Multiprocessing in Python

As described in the previous article, Python uses a single CPU thread to execute the code by default in order to prevent race condition and ensure thread-safe. That is particularly important for I/O-bound task. To enhance the speed to complete a particular CPU-bound task, multiprocessing module allows spawning multiple child processes to carry out the task. This article describes the behaviour in the Kubernetes infrastructure layer as a result of some experiments and its pros and cons when multiprocessing Python module is used in the machine learning code.

The following experiments are carried out using Cloudera Machine Learning (CML) on Kubernetes platform powered by Openshift 4.8 with the hardware specification as described below. CML is embedded with workbench and Jupyterlab notebook IDE for data scientist to do coding, EDA, etc. In this experiment, the CML workbench is used as it is lightweight, quicker to spin up and easy to use.
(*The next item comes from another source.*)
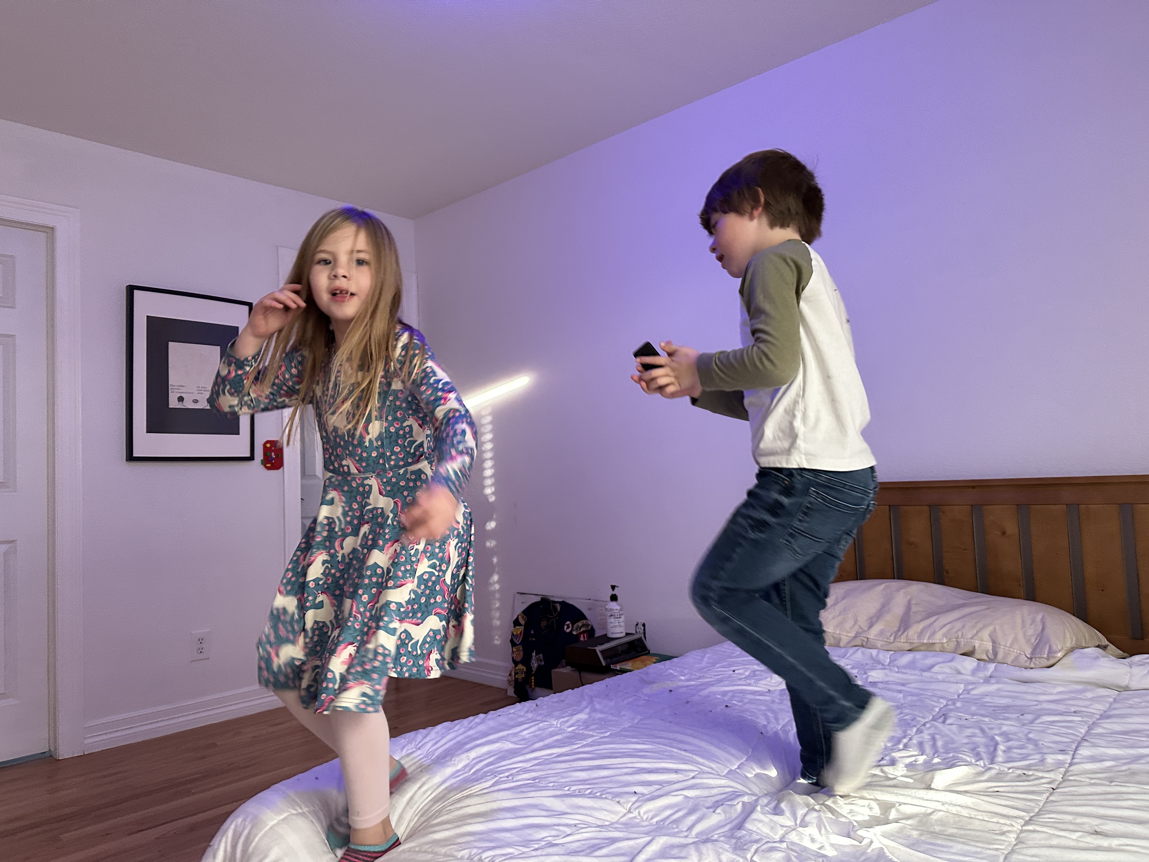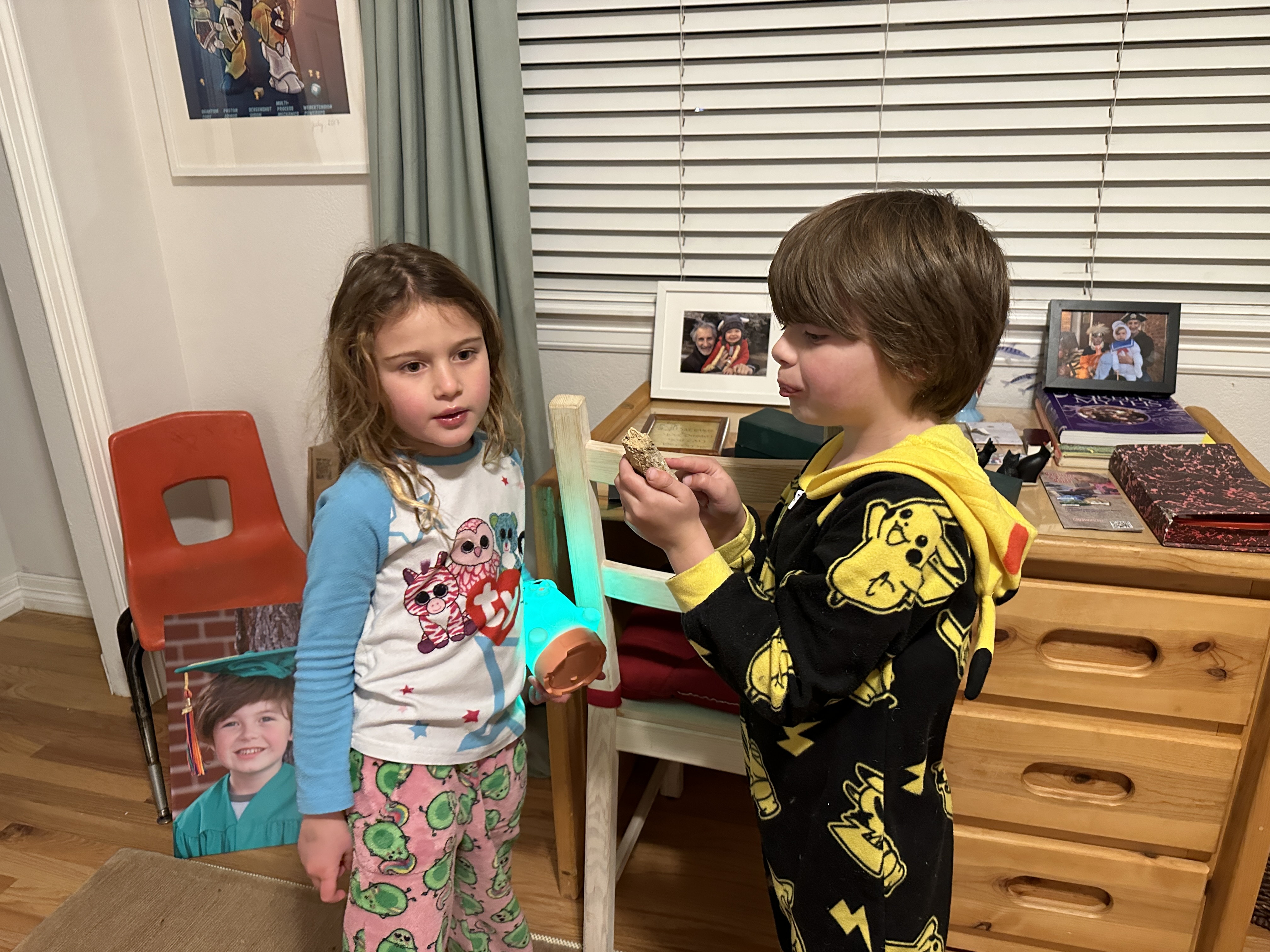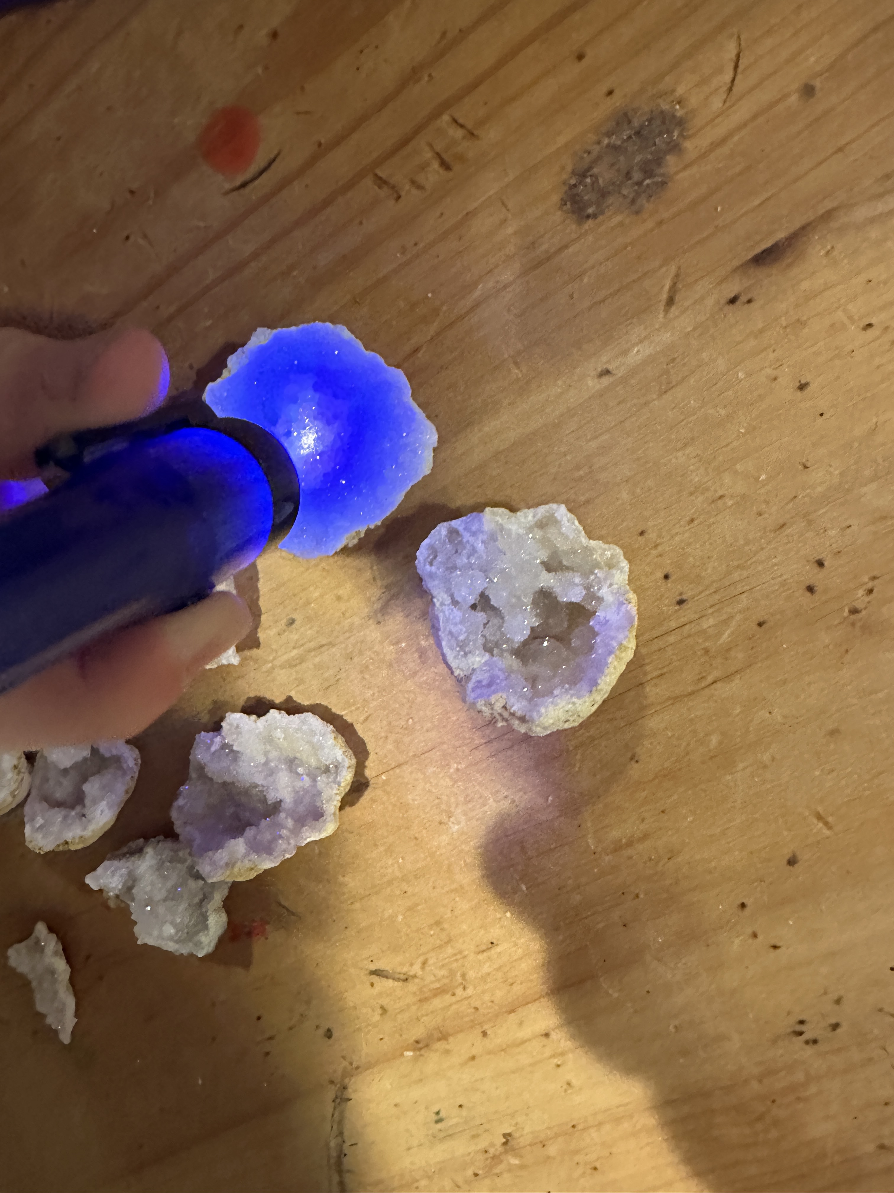 “Daddy! It’s real life!”, Elliot exclaimed several times after breaking open three geodes he got for Hanukkah. Here we are shining the UV flashlight on one. He said it must come from mines. Maybe he means real life versus Minecraft. He knows some rocks in Minecraft are real, like bedrock, but others, like netherite, are not.

CPU	Intel(R) Xeon(R) Gold 5220R CPU @ 2.20GHz
Memory	DIMM DDR4 Synchronous Registered (Buffered) 2933 MHz (0.3 ns)
Disk	SSD P4610 1.6TB SFF

Single Worker in ProcessPoolExecutor
Multiple Workers in ProcessPoolExecutor

Single Worker in ProcessPoolExecutor

The following experiment uses Python code to read line by line from the input file and write each line into the output file in a sequential manner.

Create a CML workbench session with 2 CPU/8 GiB memory profile. Open a Terminal Access box and run the top command to check the total threads are spawned by the process ID of the session pod. In this example, the process ID is 94. Note that there are 30 threads being opened by the process of this running session pod.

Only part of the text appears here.